The advanatge is: transmission can be built very fast if reguulation allowes it. So it can continuously be adopted to the development of tranmission demand over time. And to keep tranmission running costs comparatively little money.

Nathan Wilson's picture
Nathan Wilson on Jul 14, 2016 11:39 am GMT

baseload does not help when there is only a remaining market for residual load.

Yes, in that case (residual after lots of variable renewables), baseload will have degraded economics, also remember that adding more solar or wind (which is highly correlated with existing solar and wind) will be even worse than adding baseload. Thus, fossil fuel is by far the cheapest solution; hence fossil fuel lock-in (this is very bad when the cheapest fossil fuel is coal, like in Germany, China, and India). That is a very serious problem with trying to go higher than 50% variable renewables; as the NOAA study showed, transmission just does not help enough.

And the average wholesale price is not enough to build new nuclear

This is a phony argument. In any sustainable grid, there is negligible fuel cost; electricity costs are dominated by plant capital cost. This means that all new plant construction must be funded with increases in electricity cost for plant cost recovery. This is especially noticeable when the plants last longer than the time it takes to pay for them (which is economically desirable).

Helmut Frik's picture
Helmut Frik on Jul 14, 2016 12:21 pm GMT

a) well research in germany, includig the big utilities today, up to 60-80% renewables share there will be no problem with any storage needed, above the need for storage will depend how much the international grids are expanded.
But even today the nuclear power stations are running into negative prices, and so out of any ecomomical reason. The interests of having them running is going toward zero also on utility side, so when they are in maintenance today, they try to save money more than time, because it does not matter so much how long they stay offline. So even if they would be allowed to run longer, they most likely would not be operated much longer, because they ar already a burden for the grid operation, and are more and more bocoming a financial burden.
For the utilitys it is cheaper to invesst in renewable capacitys abroad, and in transmission capacity, if they are also in the tranmission line business.

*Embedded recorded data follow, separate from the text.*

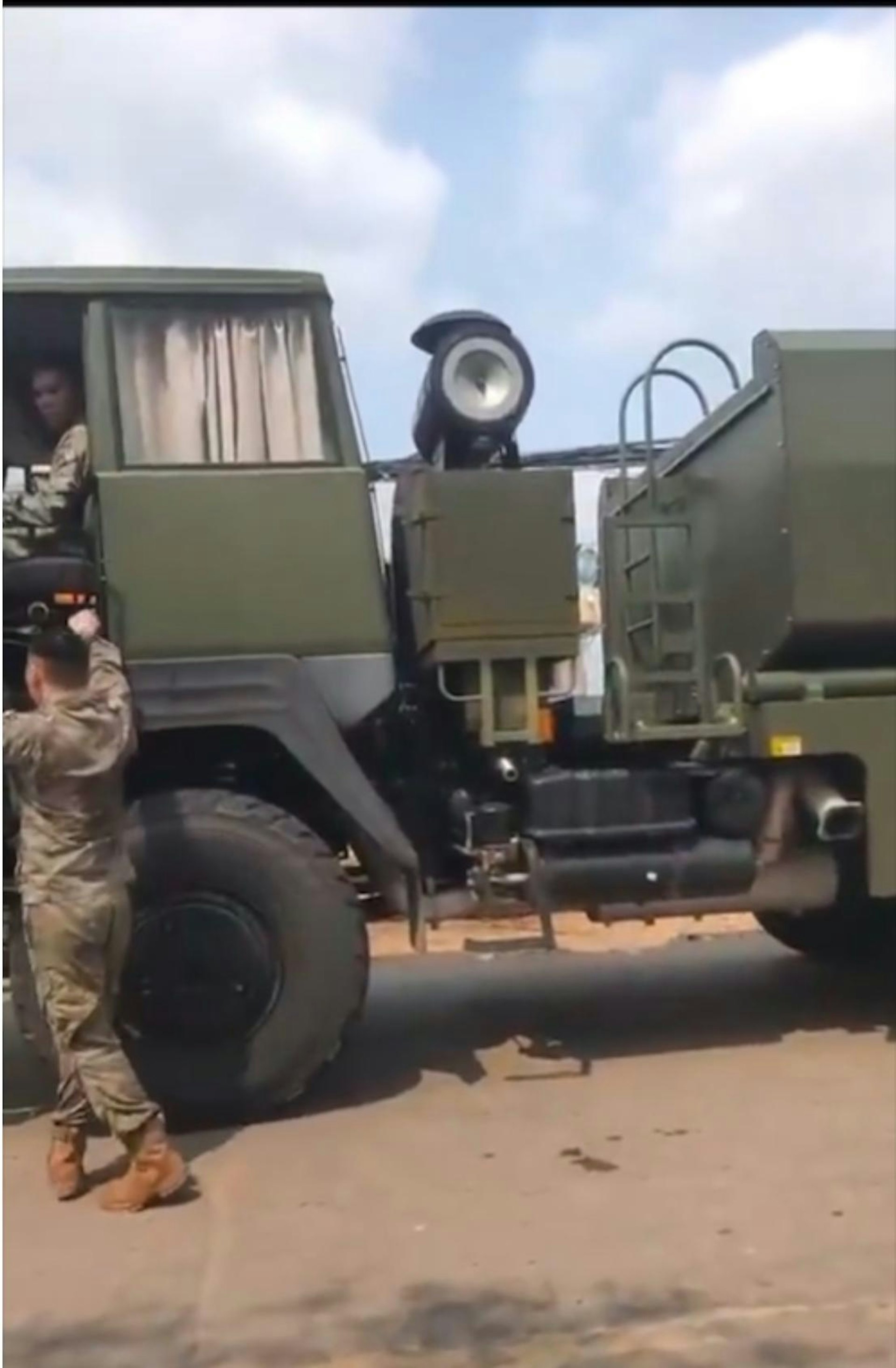 當地已經有軍人前往處理事故,現場停了不少軍車。(影片截圖)
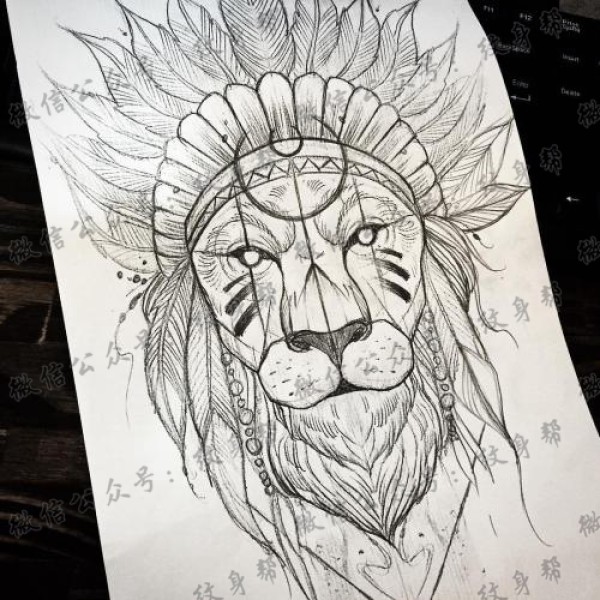 半甲唐狮手稿 传统的9款唐狮主题半甲纹身手稿图片
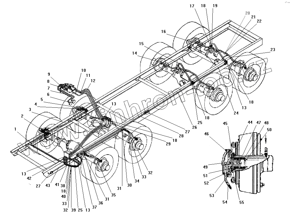 Каталог запасных частей к технике: УралАЗ УРАЛ-532301. Система регулирования давления воздуха в шинах
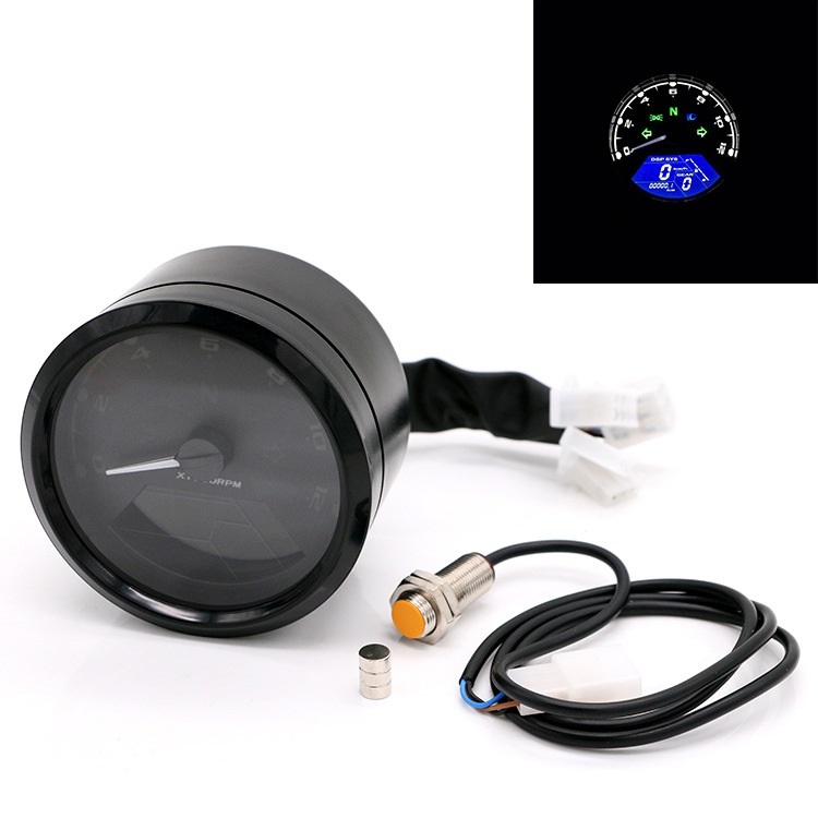 > 大人気新入荷上質汎用オートバイ液晶デジタル走行距離計タコメータスピードメーター防水ゲージ多機能 Cafe Racer 1-4 シリンダー

About the second part – well it is always required that renewables are able to finance themselves based on wholesale prices, everything else is declared as “subsidy and parasitic”.
Naturally in a grid where wholesale price is fixed by variable costs, and variable costs of all operating plants is about zero, nothing can be financed by the wholesale costs.
Which requires either funding, or flexible demand which then can set the price the other way round. Which is also more easy in bigger grids, to get the market running, by having more flexible demand in absolute numbers in the grid, and by having producers at zero variable costs +some transmission costs forming a merit order again over distance. How this will develop we will see. But it does not give any advantage for nuclear, as long as costs per kWh are higher than the costs per kWh for renewables. Other kinds of power production like biomass and hydropower are much better in filling the residual load.
And you always forget that the 50% or so number of the graph you cite in almost all of your contribution, is not fix, but variable over time, and rising due to old plants being scrapped and not replaced by new fossil powered plants.
Keep in mind that when the numbers of constructed conventional plants starts falling substatial, the technology is doomed due to the negative economy of scale it experiences.